Ein leises Sirenengeheul in der Ferne ließ mich allerdings erneut erschaudern. Waren die etwa immer noch hinter uns her? Panisch blickte ich zu Bella, die aber immer noch ganz ruhig wirkte und erneut die Kurzwahl ihres Handys betätigte.

„Bin durch“, sagte sie knapp und ein leises Seufzen war zu hören. „Hattest du etwa Angst um mich?“, fügte sie grinsend an.

„Natürlich“, antwortete der Typ sofort. „Denn aus dem Knast hätte ich dich nicht raus holen können, dass weißt du. Ich habe dir schon so oft gesagt, dass du den Chief nicht immer so reizen sollst. Irgendwann musste das ja passieren. Langsam kennt er alle deine Tricks...“

„Ja, Papa“, erwiderte Bella lachend.

„Hast du mich gerade etwa „Papa“ genannt?“, grollte der Typ. „Und wegen dir bin ich gerade extra aufgestanden und habe die Jungs zusammen getrommelt. Du kleines, undankbares Etwas.“

„Och, Hasimausi“, antwortete ihm Bella beschwichtigend und ich hörte ein Lachen vom Rücksitz. „Nicht böse sein. Ich mach es Dir auch am Körper wieder gut.“ Ihre Stimme schnurrte förmlich. „Hab übrigens grad die Handschellen gefunden, die wir letztens gesucht haben. Waren im Handschuhfach.“

„Mhmmm“, machte der Typ und am Klang seiner Stimme war unverkennbar, in welche Richtung seine Gedanken gingen. „Bist du allein unterwegs?“

„Nein, Süßer. Leider nicht. Ich war mit den Jungs aus. Allein würde ich mich doch nie trauen, den Chief dermaßen zu ärgern. Da verschwinde ich doch ungesehen in irdendeinem Loch und er schmeißt den Schlüssel weg.“

„Schade eigentlich“, kam es von dem Typen. „Sonst hättest du noch mit zu mir kommen können. Aber nun denn, dann werden wir euch erst einmal sicher da raus holen. Damit der Chief dich nicht doch noch zu fassen kriegt. Wäre schade, wenn du in seinem Knast langsam Falten bekommst…“

Also, jetzt verstand ich nur noch Bahnhof. Aber nicht wegen der Polizei, sondern wegen Jake. Es war mir immer noch unbegreiflich, dass er zu dem Ganzen hier nichts sagte. Führten die zwei etwa eine offene Beziehung oder warum ließ er Bella hier so schamlos mit dem Fremden am Telefon flirten? In meinem Kopf rotierten die Gedanken. Einerseits über die Polizei und meine Tarnung. Andererseits über Bella, Jake und diesen Typ, mit dem sie ständig telefonierte. Und so langsam tat mir echt auch der Kopf weh. Vielleicht hätte ich weniger trinken sollen.

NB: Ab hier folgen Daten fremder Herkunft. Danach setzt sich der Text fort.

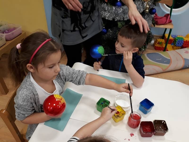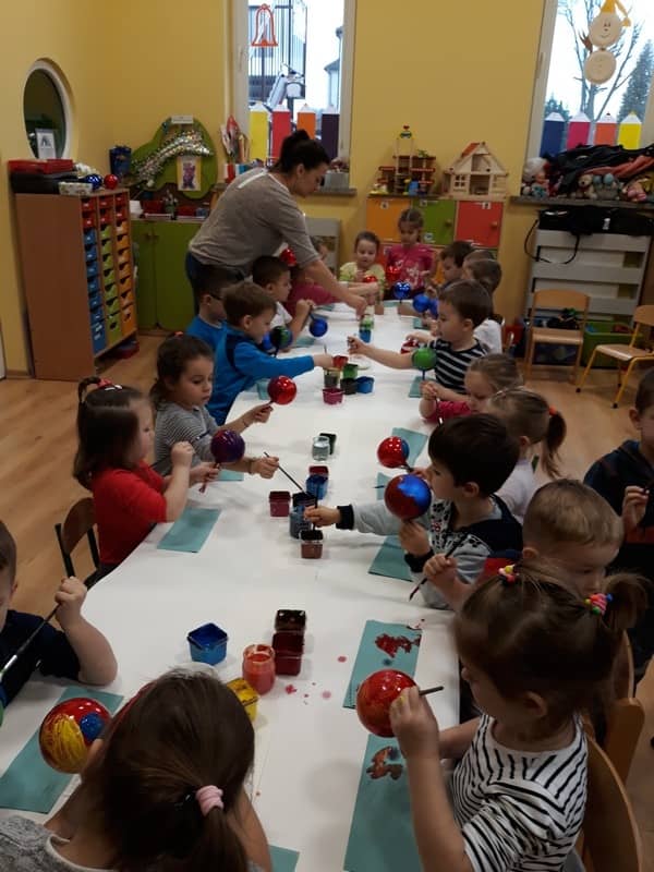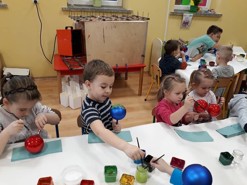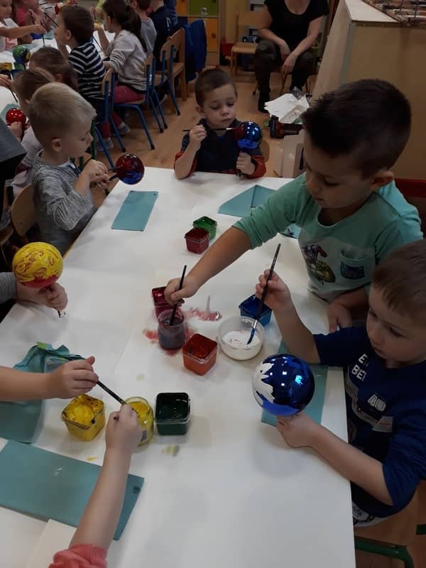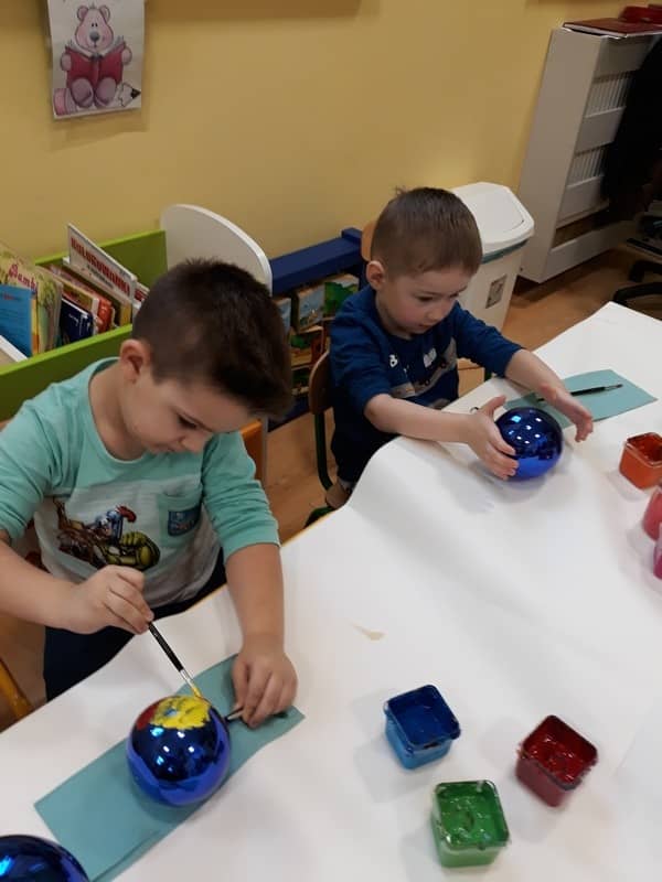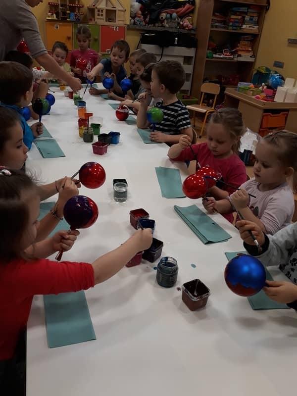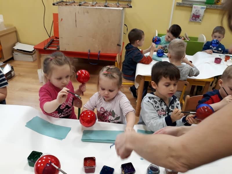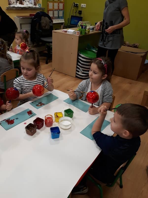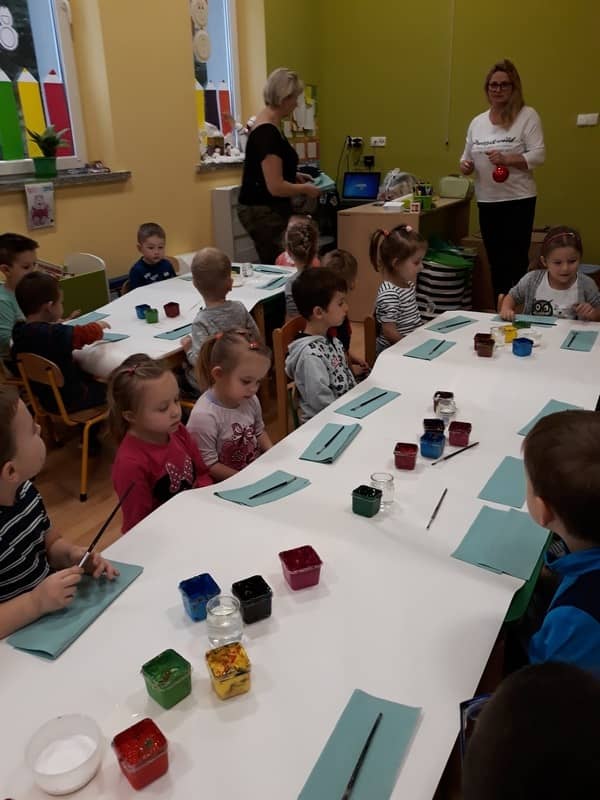 W dniu 14 grudnia 2017 roku w naszym przedszkolu zorganizowane zostały warsztaty Bożonarodzeniowe dla dzieci z grypy „Tygryski” oraz „Pracowite pszczółki”. Celem warsztatów było wykonanie prezentu z okazji Świąt Bożego Narodzenia .Przedszkolaki malowały bombki , wykazując się przy tym pomysłowością i kreatywnością. Był to naprawdę mile spędzony czas, podczas którego dzieci wspólnie pracowały oraz dobrze się przy tym bawiły. Piękne bombki wykonane przez dzieci na pewno ozdobią choinki w ich domach.

Ganz sicher hätte ich weniger trinken sollen. Und ich hätte nicht in dieses Auto steigen sollen. Am besten ich wäre gar nicht erst mitgekommen. Oder wenigstens zurück nach Hause gefahren, sobald ich Bella gesehen hatte. Denn irgendwie zog sie den Ärger magisch an. Und genau das, konnte ich eigentlich gar nicht gebrauchen. Doch seltsamerweise fühlte ich mich nicht unwohl in ihrer Gegenwart. Eher das Gegenteil war der Fall. Ich fühlte mich pudelwohl. Bis auf meinen Kopf, aber dafür konnte ich Bella nicht die Schuld geben.

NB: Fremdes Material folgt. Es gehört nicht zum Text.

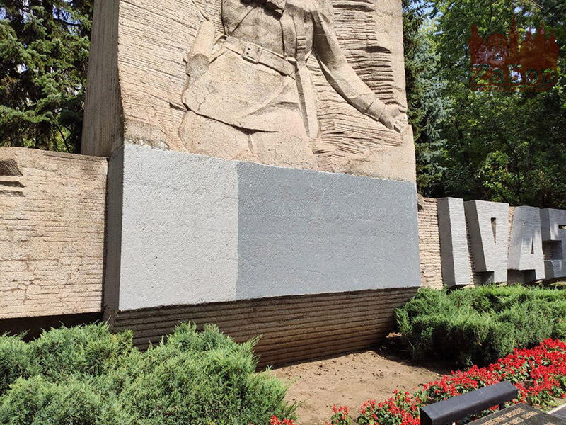 В то время как запорожцы поддерживают белорусов, разрисовывая памятники флагами и лозунгами, местные коммунальщики поддерживают Запорожье, закрашивая эти лозунги серой краской, передает "ZаБор".
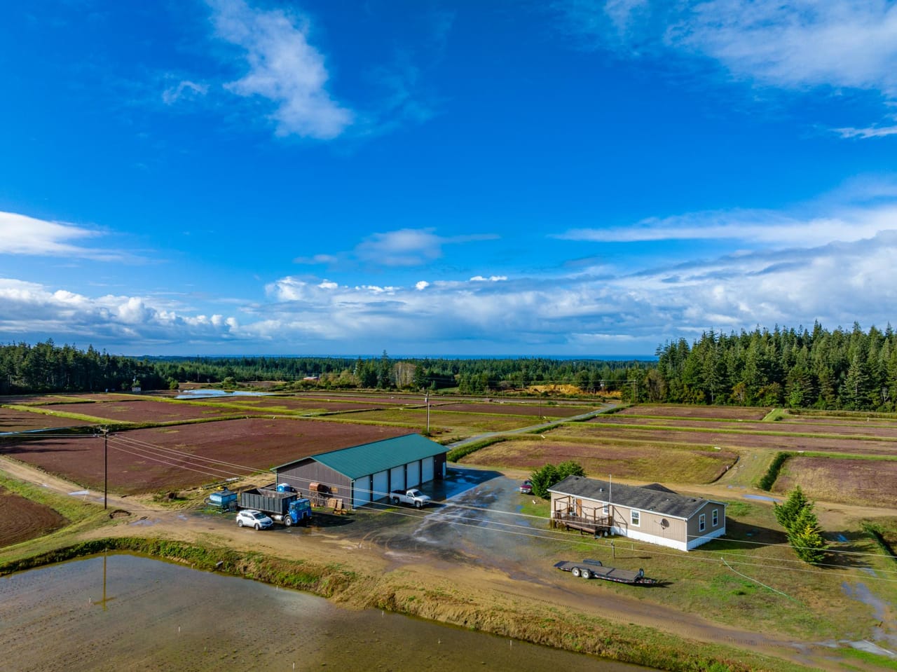 The Johnson Creek Farm is located just 4.5 miles south of Bandon. The farm is comprised of 62.95 gross acres across 2 tax lots. The land is mostly level and provides great utility, well-maintained roads, and a private setting. The farm includes 24.84 net acres of cranberries, spread over 22 bogs, producing DeMoranville, Welker, Stevens, Mullica Queen, and Hains varietals. The berries vary in year planted from 1998 to 2022.
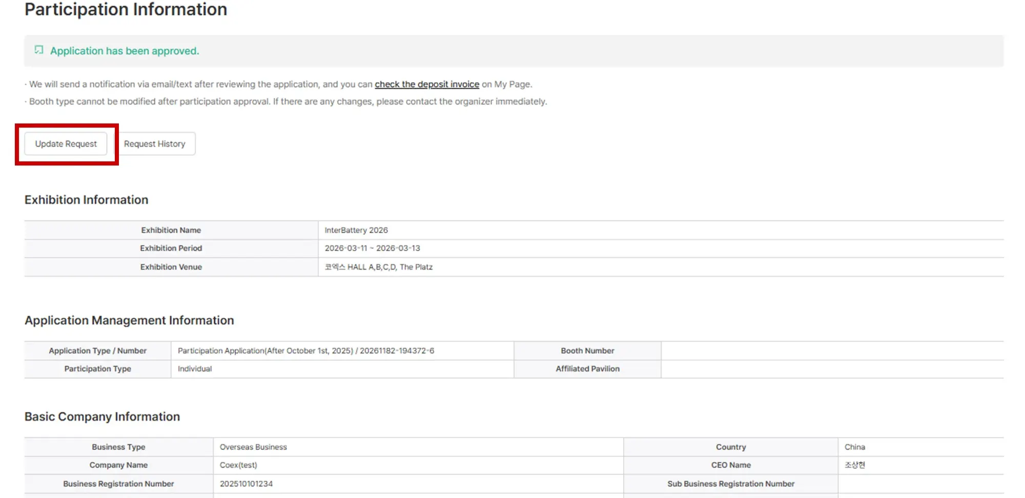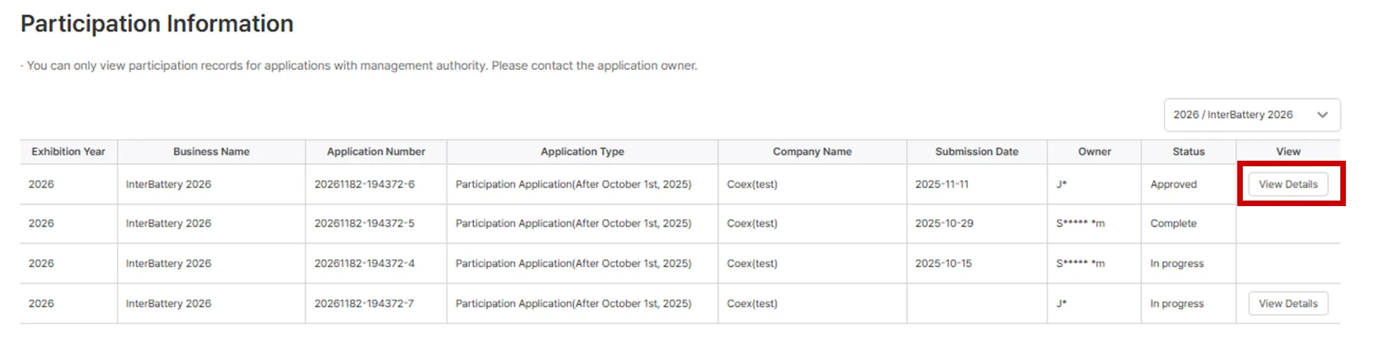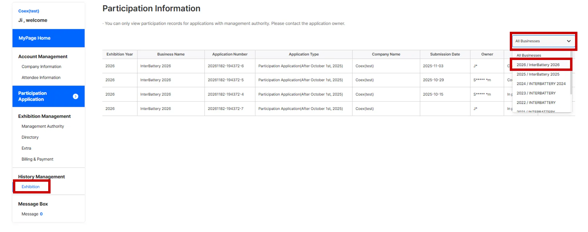 In MyPage, navigate to [History Management] > [Exhibition], and select [2026/ InterBattery 2026]

Und obendrein müsste ich ja jetzt auch komplett panisch sein. Wir lieferten uns hier eine Verfolgungsjagd mit der Polizei, wie ich sie noch nie live erlebt hatte und ich hatte NUR ein wenig Kopfweh vom Trinken. Und überhaupt: So viel Aufruhr wegen einer Person? Was war an Bella, bitte schön, denn so besonders? Eigentlich, war sie doch nur eine kleine Stripperin, die anscheinend ab und an auch als Drogenkurier arbeitet, oder? Ein Dutzend Tüten war zwar eine ganze Menge, aber an sich nicht wirklich ungewöhnlich. Eher die Tatsache, dass sie es im Auto, zusammen mit einer Waffe, hatte liegen lassen. Unbeaufsichtigt! Wenn ich alleine daran dachte, was hätte alles passieren können, wenn irgendein Jugendlicher ihr Auto geknackt hätte. Was der hätte damit anstellen können...

Grundgütiger...

Aber sie hatte mit einer solchen Vehemenz in der Stimme behauptet, dass keiner ihr Auto anrühren würde. So, als gäbe es daran überhaupt gar keinen Zweifel. Was hatte das zu bedeuten? Wie konnte sie sich da so sicher sein? Sicher, ihr Auto war mehr als auffällig und gab es kein zweites Mal in dieser Ausstattung, aber gerade das lockte doch Diebe an.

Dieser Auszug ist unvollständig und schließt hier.